Cardinality, and in particular, Selectivity are important items to consider when designing the indexes and the WHERE clause of your queries.
First let’s start by defining them. Cardinality is the number of unique or distinct values that can exist in a column. For example, a column used to store Gender is likely to have only 2 possible values to choose from, Male and Female. This means the cardinality is 2 since there are only 2 possible values. Low cardinality is not ideal since it will lead to high selectivity.
Selectivity is defined as ‘# of rows’ / cardinality. The best selectivity is 1, meaning each row has a unique value in that column. The issue with the Gender column is that since the cardinality is low, the selectivity will be high. If a table has 10,000 rows and the cardinality is 2, then the selectivity is 5,000. 10,000 / 2 = 5,000. Unfortunately, 5,000 is a long way from the ideal selectivity of 1.
Why is it important?
Picture a query where you want to return all females born on a certain date. You might write it as “select column1, column2 from Employees where Gender = ‘F’ and Birthdate = ’1980-01-01′. If the first column (leading edge) of your index is Gender (selectivity of 5,000) then the query optimizer will first return roughly 5,000 rows where Gender = ‘F’ then it will go through those 5,000 rows to find rows where Birthdate = ’1980-01-01′.

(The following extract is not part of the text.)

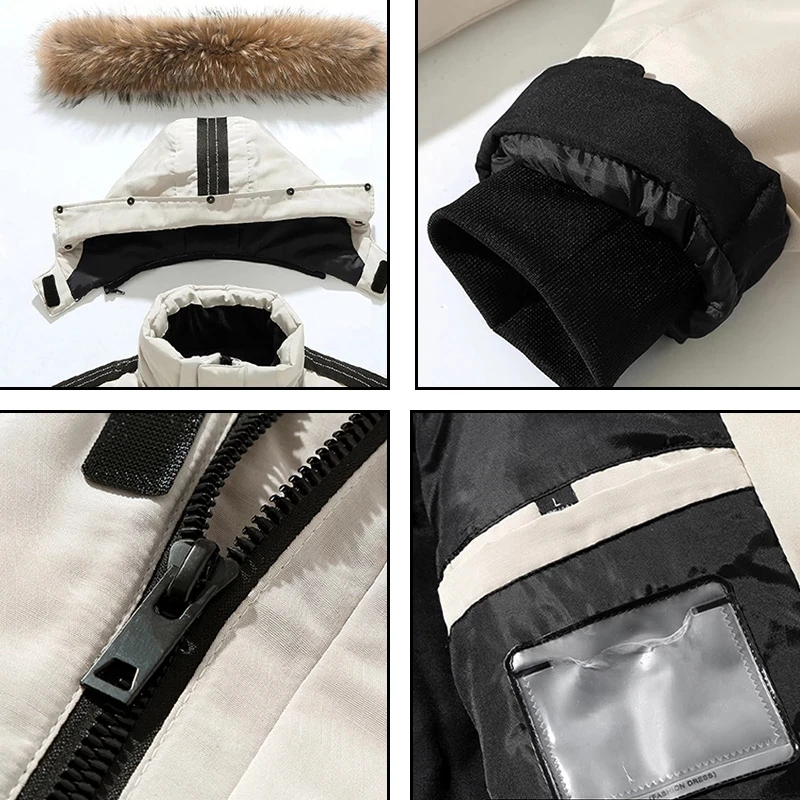 Мужской зимний пуховик с меховым воротником и защитой от ветра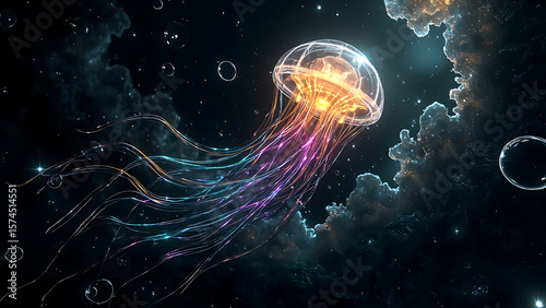 Floating Jellyfish with Glowing Tentacles in Outer Space. The dark space background adds to the otherworldly, serene atmosphere.

Now let’s pretend you used Birthdate as the leading edge of your index and there are 5 employees born on that date. The query optimizer will first go through the index to find all rows with a Birthdate of ’1980-01-01′. This will return 5 rows. Then will will go through those 5 rows looking for entries where Gender = ‘F’. This index structure will be more efficient since the nested loop only goes through 5 rows, not 5,000 we saw in the first example.
A good rule of thumb to use is to place the lowest selectivity as the leading edge of your index followed by the next lowest selectivity.